Only touch companies existing in tableB (a & c in the example, leave d alone).

tableB:

+---------+--------+----------+-------+
| company | option | category | rates |
+---------+--------+----------+-------+
| a       | f      | null     | 2.5   |
+---------+--------+----------+-------+
| a       | g      | e        | 4     |
+---------+--------+----------+-------+
| c       | g      | e        | 4     |
+---------+--------+----------+-------+

There is a unique index on (company, option, category) in both tables.

Desired resulting tableA:

+---------+--------+----------+-------+
| company | option | category | rates |
+---------+--------+----------+-------+
| a       | f      | null     | 2.5   |
+---------+--------+----------+-------+
| a       | g      | e        | 4     | <-
+---------+--------+----------+-------+
| c       | g      | e        | 4     |
+---------+--------+----------+-------+
| d       | f      | d        | 1     |
+---------+--------+----------+-------+

Only the second row (a,f,d,2) was deleted and rates was changed from 3 to 4 for (a,g,e).

Here is a fiddle: https://rextester.com/QUVC30763

I'm thinking to first delete the orphan row with this:

DELETE from tableA
 USING tableB
 WHERE 
   -- ignore rows with IDs that don't exist in tableB
   tableA.company = tableB.company
   -- ignore rows that have an exact all-column match in tableB
   AND NOT EXISTS 
      (select * from tableB 
      where tableB.company is not distinct from tableA.company 
      AND tableB.option is not distinct from tableA.option 
      AND tableB.category is not distinct from tableA.category );

Then upsert with this:

 INSERT INTO tableA (company, option, category, rates) 
   SELECT company, option, category, rates
   FROM   tableB
 ON CONFLICT (company, option, category) 
 DO update
   set rates= EXCLUDED.rates
 WHERE 
      tableA.rates IS DISTINCT FROM 
      EXCLUDED.rates;

But the problem with the upsert function is that it can't handle nullable fields.
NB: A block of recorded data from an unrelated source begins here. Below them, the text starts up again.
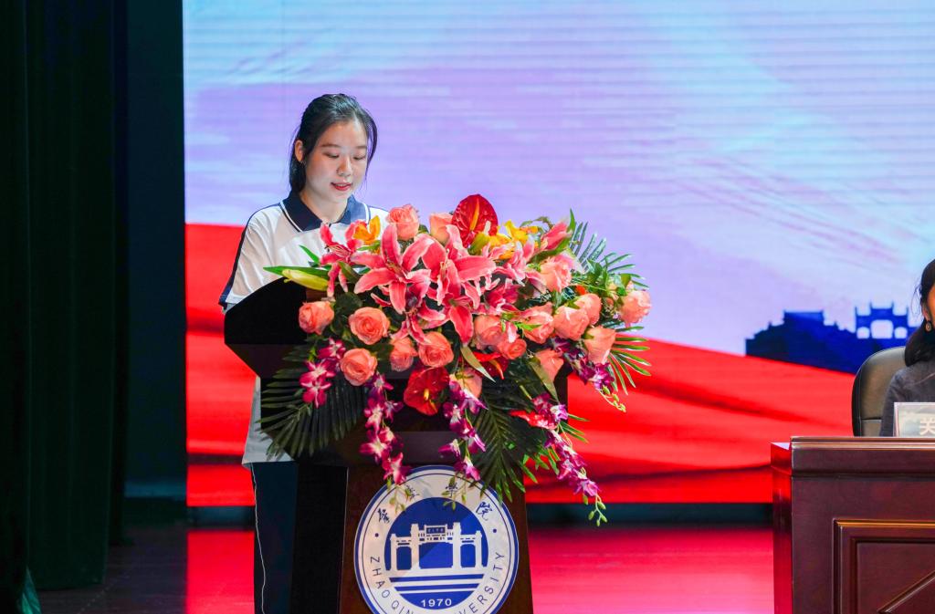 李春明博士代表公司全体教师作新生寄语,希望新同学们注重德行修养,培养全球视野,做一个爱读书、会读书的人,将来勇挑时代重担,为促进中西文化交流贡献力量。2018级英语3班江秋霞同学作为旧生代表分享了在砚园学习与生活的经历,鼓励师弟师妹们自主自律,在学好专业知识的基础上广泛涉猎、积极探索,创造属于自己的奇迹。2020级外国语言文学类4班张晨同学作为新生代表发言,表达了对老员工活的美好憧憬,并立志刻苦学习,砥砺奋进,勇担新时代青年的责任与使命。
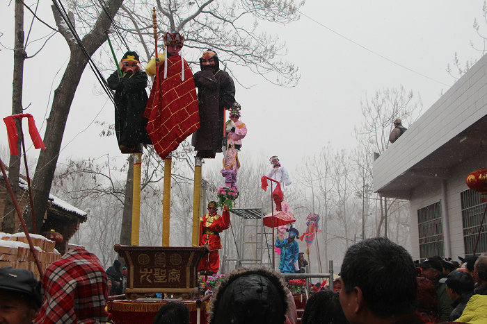 小涨芯子主要活动于华县辛庄乡小涨村一带,乃明清时自山东淄博市号称天下第一村的“周村芯子”流传而来,分为单人芯子、双人芯子和多人芯子三种。芯子的主杆、支架有木制和铁制两种,通过铆接或焊接而成。底座为木质桌床,桌面中间有一个方孔,用于固定芯子主杆,主杆底部垂以磨盘,以增加平衡。在妆扮戏剧人物时,除小孩面部外,身躯、足、臀部位都用服装和道具作好伪装。芯子周围按剧情需要装饰成亭台楼阁、花卉祥云等,给人以身临其境之感。小涨芯子扮演的主要内容是带有浓重地方色彩的神话故事和传统剧目,对研究当地生活生产及民俗风情有一定价值。小涨芯子2010年被列入第二批渭南市非物质文化遗产名录。
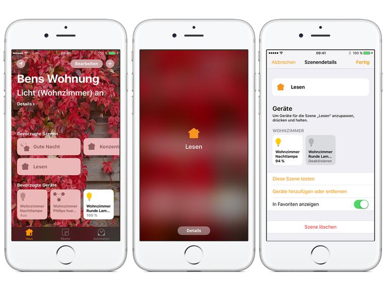 Öffnen Sie dazu zunächst erstmal die Home-App auf Ihrem iPhone oder iPad. Gleich zu Beginn sehen Sie Ihre bevorzugten Szenen. Halten Sie den Finger kurz darauf gedrückt, um den Szenennamen und das Icon zu sehen. Tippen Sie darunter auf „Details“.
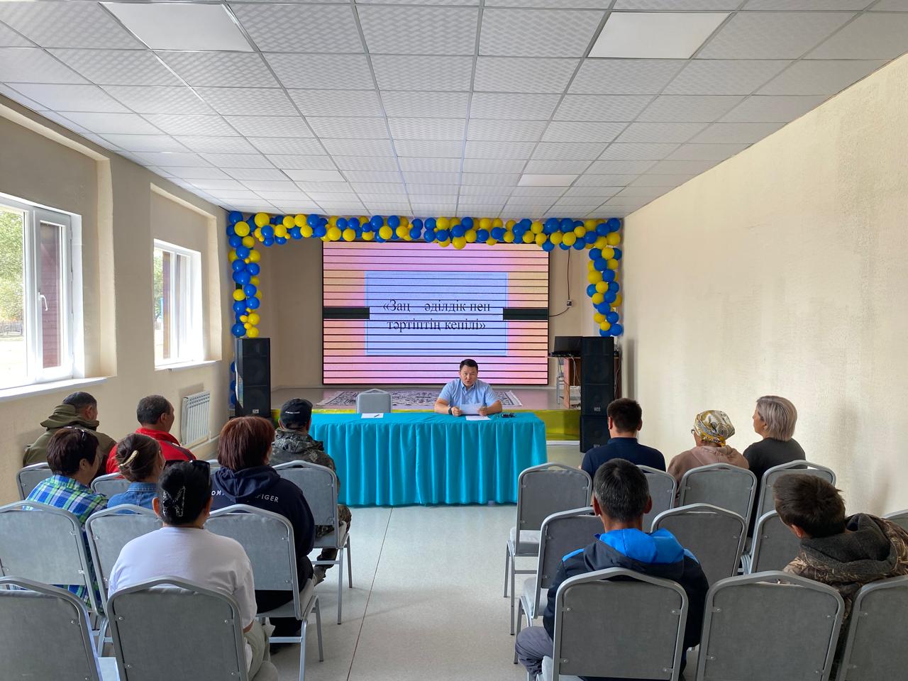 «Заң – әділдік пен тәртіптің кепілі» атты іс-шара аясында Томар ауылдық округінің әкімі Н.Р. Жағыпаровтың қатысуымен ауыл тұрғындарымен кездесу жиыны өтті. Жиын барысында құқықтық мәдениетті арттыру, заң талаптарын сақтау, құқықбұзушылықтың алдын алу, сондай-ақ қоғамдық тәртіп пен тұрғындар қауіпсіздігін қамтамасыз ету мәселелері талқыланды. Шараның мақсаты – тұрғындардың құқықтық сауаттылығын арттырып, мемлекет пен азамат арасындағы өзара жауапкершілікті нығайту болды.
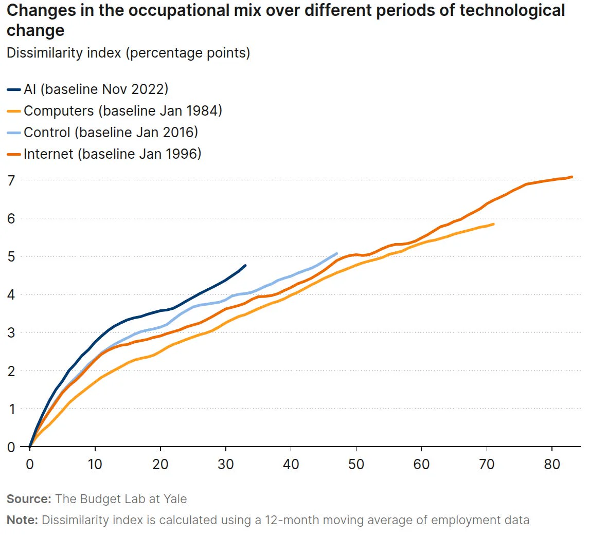 One can reasonably say that these benchmark charts are useless and that what ultimately matters is whether AI is actually eliminating jobs. On that question, the data is contradictory. For example, here’s data from a recent study by Brookings and Yale Budget Lab on how AI has affected the labor market in the US:
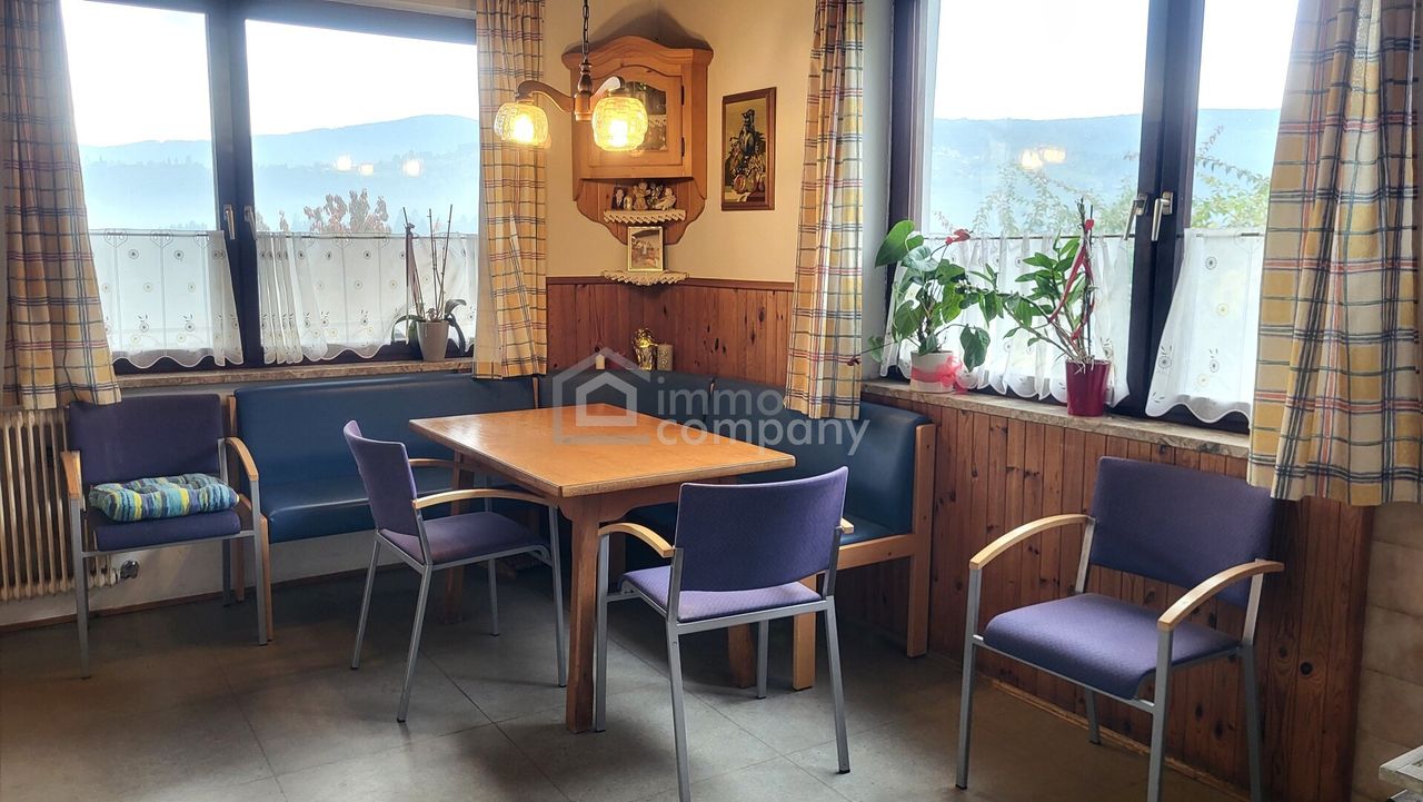 Das Haus bietet auf rund 1080 m² Grundfläche und einer Wohnnutzfläche von ca. 90 m² alles, was das Herz begehrt. Ein gemütliches Wohnzimmer mit Südwestbalkon lädt zum Verweilen ein, während die große Fensterfront den Blick über das Tal freigibt. Eine helle Küche mit Sitzecke, drei weitere Zimmer, ein modernes Bad mit bodentiefer Dusche sowie eine separate Toilette runden das Raumangebot ab. Der Vollkeller mit Gartenausgang bietet zusätzlichen Stauraum und praktische Nutzungsmöglichkeiten.
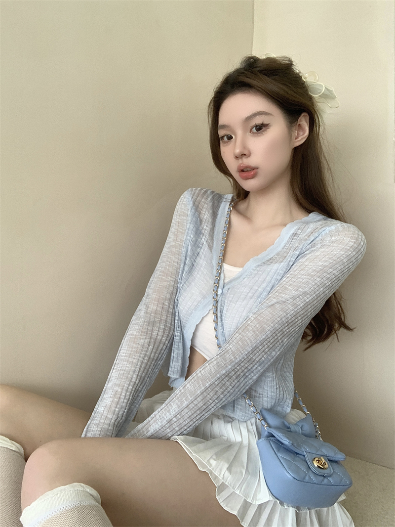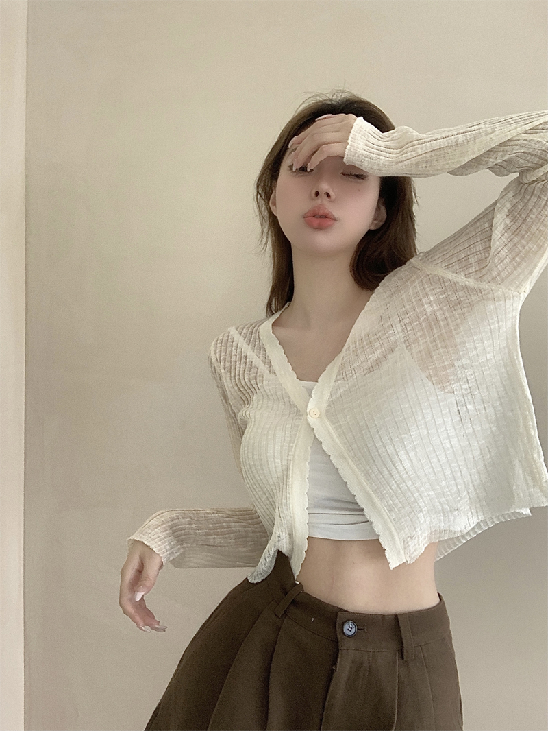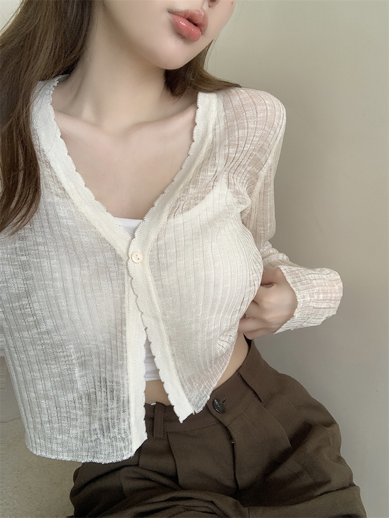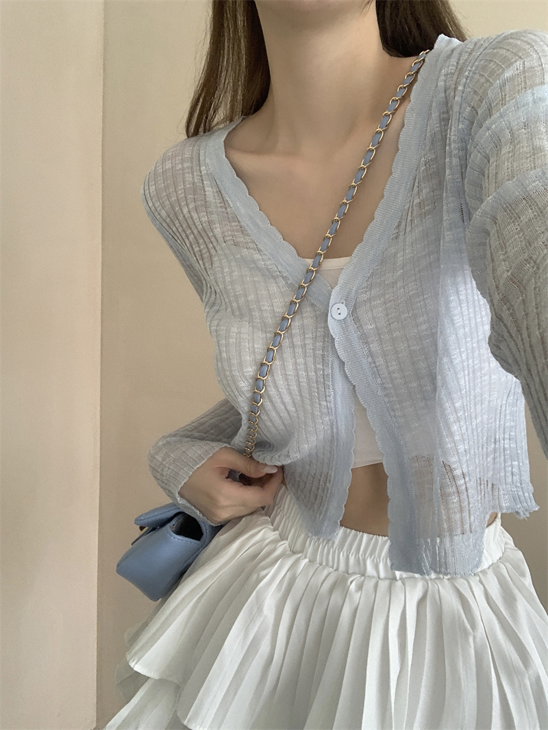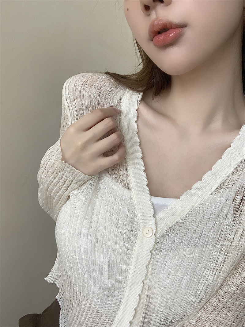 This airy V-neck knit cardigan is designed for summer and early fall layering. Made from a soft, slightly sheer knit, it offers just the right amount of sun protection without feeling heavy. The relaxed silhouette, subtle transparency, and delicate texture give it that “soft Korean aesthetic” charm—perfect to wear over camis, dresses, or crop tops. Ideal for everyday wear, travel, or seaside evenings.

I have to set -1 in place of null or else the function won't be able to know if there are duplicates or not. I feel like setting -1 in place of null will create many workarounds in the future, so I'd like to avoid that if I can.

Note: I found that INSERT ... ON CONFLICT ... DO UPDATE is probably the way to go:

But I haven't seen a query suitable for my case. And I'm not sure if it's possible with nullable fields. Hence the question:
Is there a clean way to merge with nullable fields?


Solution

  • I think you are on the right path. But there is a design problem with NULL vs. UNIQUE:

    The columns option and category can be NULL. And NULL is to be considered equal in those cases. Your current unique indexes do not consider NULL values to be equal, hence do not enforce your requirements. This creates ambiguities even before you start to merge. The NULL value is no good for what you are trying to implement. Working around this will create a lot more work and additional points of failure. Consider using a special value instead of NULL and everything falls into place. You were considering -1. Anything that naturally makes sense for your actual data type and the nature of the attribute.

    That said, the DELETE has an additional, subtly hidden problem: it would try to delete orphan rows as many times as there are matches on company in tableB. Nothing breaks since excess attempts do nothing, but it's needlessly expensive. Use EXISTS twice instead:

    DELETE FROM tableA a
    WHERE  EXISTS (
       SELECT FROM tableB b
       WHERE a.company = b.company
       )
    AND    NOT EXISTS (
       SELECT FROM tableB b
       WHERE (a.company, a.option, a.category) IS NOT DISTINCT FROM
             (b.company, b.option, b.category)
       );
    

    If you insist on working with NULL values, splitting the UPSERT into UPDATE, followed by INSERT ... ON CONFLICT DO NOTHING would be the workaround. Simpler and cheaper if you don't have concurrent writes to the table. ON CONFLICT DO NOTHING works without specifying a conflict target, so you could implement your requirements with several partial indexes and get this to work. The manual:

    For ON CONFLICT DO NOTHING, it is optional to specify a conflict_target; when omitted, conflicts with all usable constraints (and unique indexes) are handled. For ON CONFLICT DO UPDATE, a conflict_target must be provided.

    But if you fix your schema with a working UNIQUE index or constraint, the UPSERT you already have serves nicely.

    And make sure there are no concurrent writes to the table or you may face race conditions and / or deadlocks unless you do more ...